*Supplied records:*
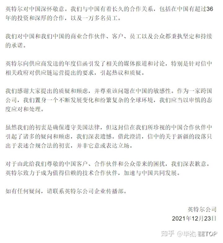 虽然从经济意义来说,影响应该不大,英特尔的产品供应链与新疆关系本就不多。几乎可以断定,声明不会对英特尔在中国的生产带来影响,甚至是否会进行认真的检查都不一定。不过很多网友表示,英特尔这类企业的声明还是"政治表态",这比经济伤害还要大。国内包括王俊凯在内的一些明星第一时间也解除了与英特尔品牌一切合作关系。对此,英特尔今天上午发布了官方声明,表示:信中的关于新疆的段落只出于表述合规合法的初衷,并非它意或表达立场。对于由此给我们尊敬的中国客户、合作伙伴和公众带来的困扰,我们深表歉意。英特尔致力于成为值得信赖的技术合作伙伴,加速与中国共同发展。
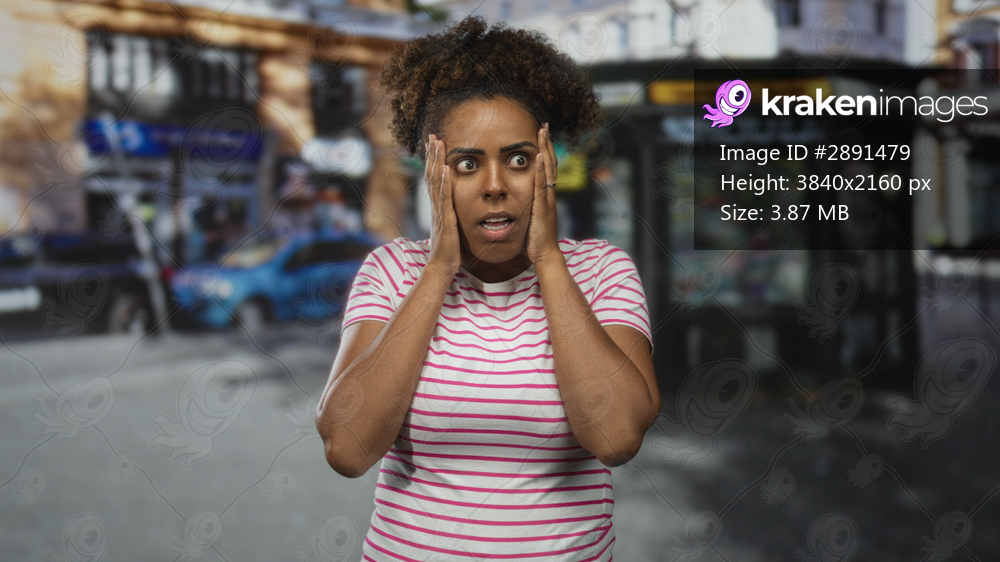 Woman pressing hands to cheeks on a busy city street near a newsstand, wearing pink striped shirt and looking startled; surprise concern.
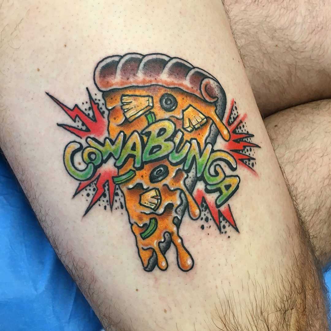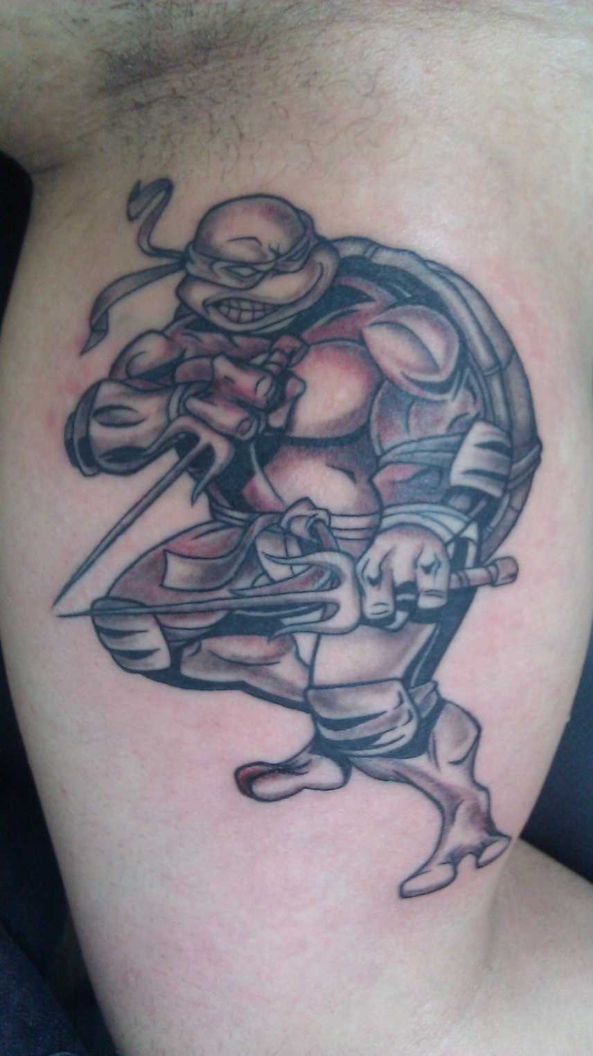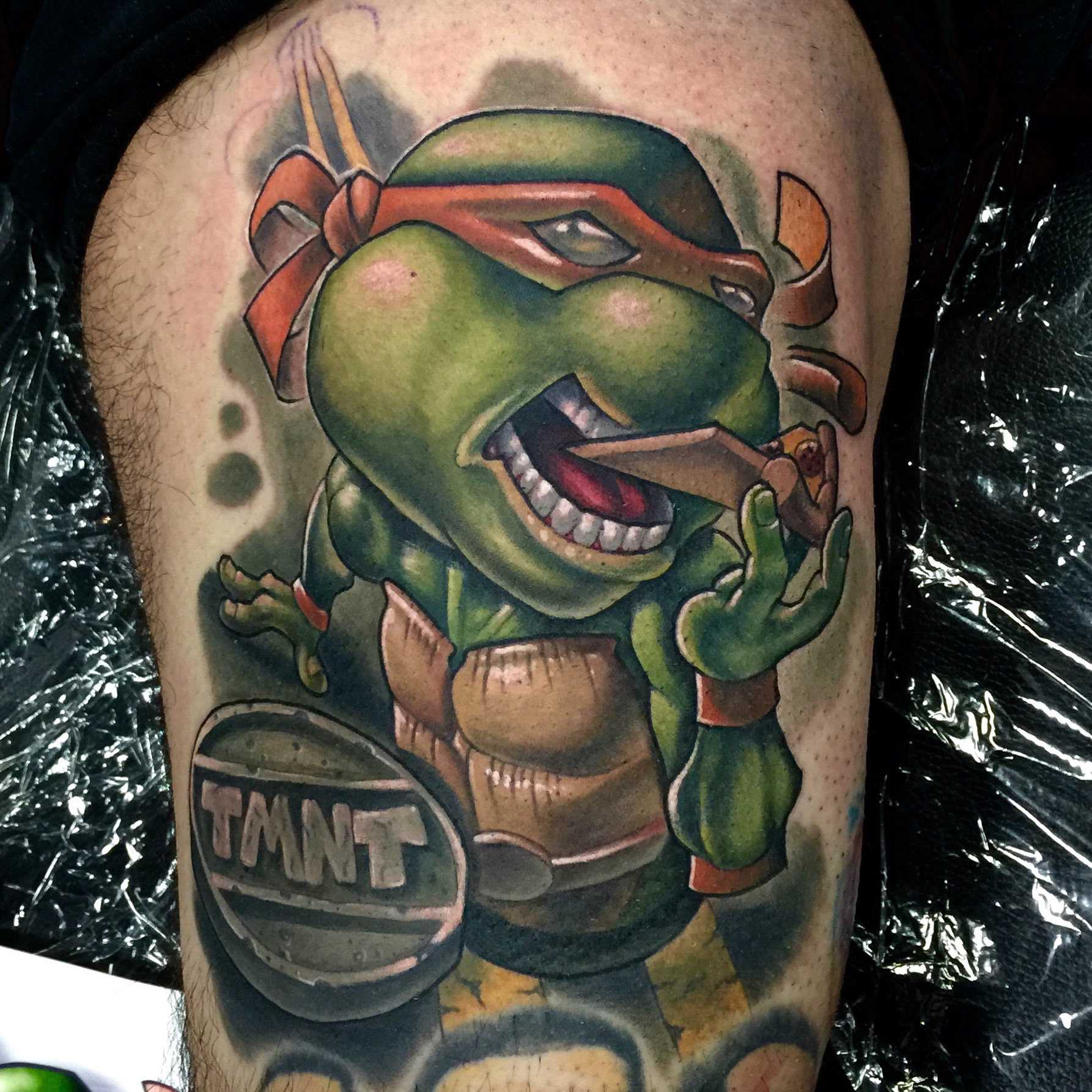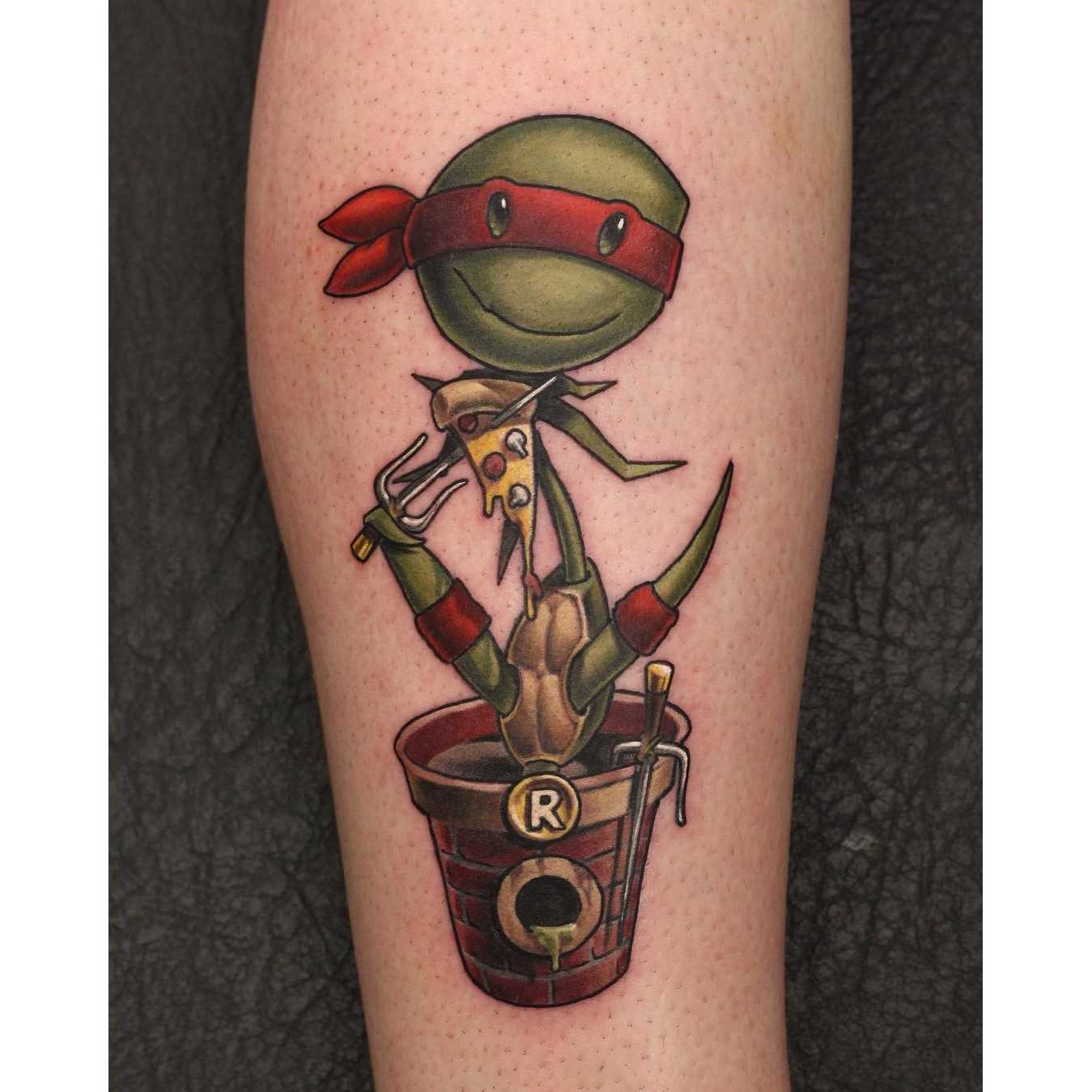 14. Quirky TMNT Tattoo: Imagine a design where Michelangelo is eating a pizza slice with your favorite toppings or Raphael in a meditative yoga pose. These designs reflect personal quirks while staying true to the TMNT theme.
* * *
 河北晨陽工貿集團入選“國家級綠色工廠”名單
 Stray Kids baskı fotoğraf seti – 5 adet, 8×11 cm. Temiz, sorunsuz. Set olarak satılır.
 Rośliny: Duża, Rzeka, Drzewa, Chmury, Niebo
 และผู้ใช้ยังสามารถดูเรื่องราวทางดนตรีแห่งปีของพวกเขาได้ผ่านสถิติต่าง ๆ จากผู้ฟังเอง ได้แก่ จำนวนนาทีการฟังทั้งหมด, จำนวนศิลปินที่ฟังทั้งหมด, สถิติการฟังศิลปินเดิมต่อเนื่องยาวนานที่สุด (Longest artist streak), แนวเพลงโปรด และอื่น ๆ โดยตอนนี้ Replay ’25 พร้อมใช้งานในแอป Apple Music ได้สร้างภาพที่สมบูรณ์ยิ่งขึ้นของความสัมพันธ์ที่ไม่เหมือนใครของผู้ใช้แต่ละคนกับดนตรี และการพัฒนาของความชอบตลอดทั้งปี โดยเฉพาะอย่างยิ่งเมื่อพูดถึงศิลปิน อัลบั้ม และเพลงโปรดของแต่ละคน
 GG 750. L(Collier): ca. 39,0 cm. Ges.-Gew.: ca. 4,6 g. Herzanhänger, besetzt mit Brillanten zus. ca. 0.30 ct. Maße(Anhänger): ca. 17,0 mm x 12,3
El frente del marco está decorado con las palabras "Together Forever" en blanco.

*To do:* Retype the entries above exactly, but only from the line containing "Rośliny: Duża, Rzeka, Drzewa, Chmury, Niebo" through the line containing "El frente del", both included.

*Task response:*
 Rośliny: Duża, Rzeka, Drzewa, Chmury, Niebo
 และผู้ใช้ยังสามารถดูเรื่องราวทางดนตรีแห่งปีของพวกเขาได้ผ่านสถิติต่าง ๆ จากผู้ฟังเอง ได้แก่ จำนวนนาทีการฟังทั้งหมด, จำนวนศิลปินที่ฟังทั้งหมด, สถิติการฟังศิลปินเดิมต่อเนื่องยาวนานที่สุด (Longest artist streak), แนวเพลงโปรด และอื่น ๆ โดยตอนนี้ Replay ’25 พร้อมใช้งานในแอป Apple Music ได้สร้างภาพที่สมบูรณ์ยิ่งขึ้นของความสัมพันธ์ที่ไม่เหมือนใครของผู้ใช้แต่ละคนกับดนตรี และการพัฒนาของความชอบตลอดทั้งปี โดยเฉพาะอย่างยิ่งเมื่อพูดถึงศิลปิน อัลบั้ม และเพลงโปรดของแต่ละคน
 GG 750. L(Collier): ca. 39,0 cm. Ges.-Gew.: ca. 4,6 g. Herzanhänger, besetzt mit Brillanten zus. ca. 0.30 ct. Maße(Anhänger): ca. 17,0 mm x 12,3
El frente del marco está decorado con las palabras "Together Forever" en blanco.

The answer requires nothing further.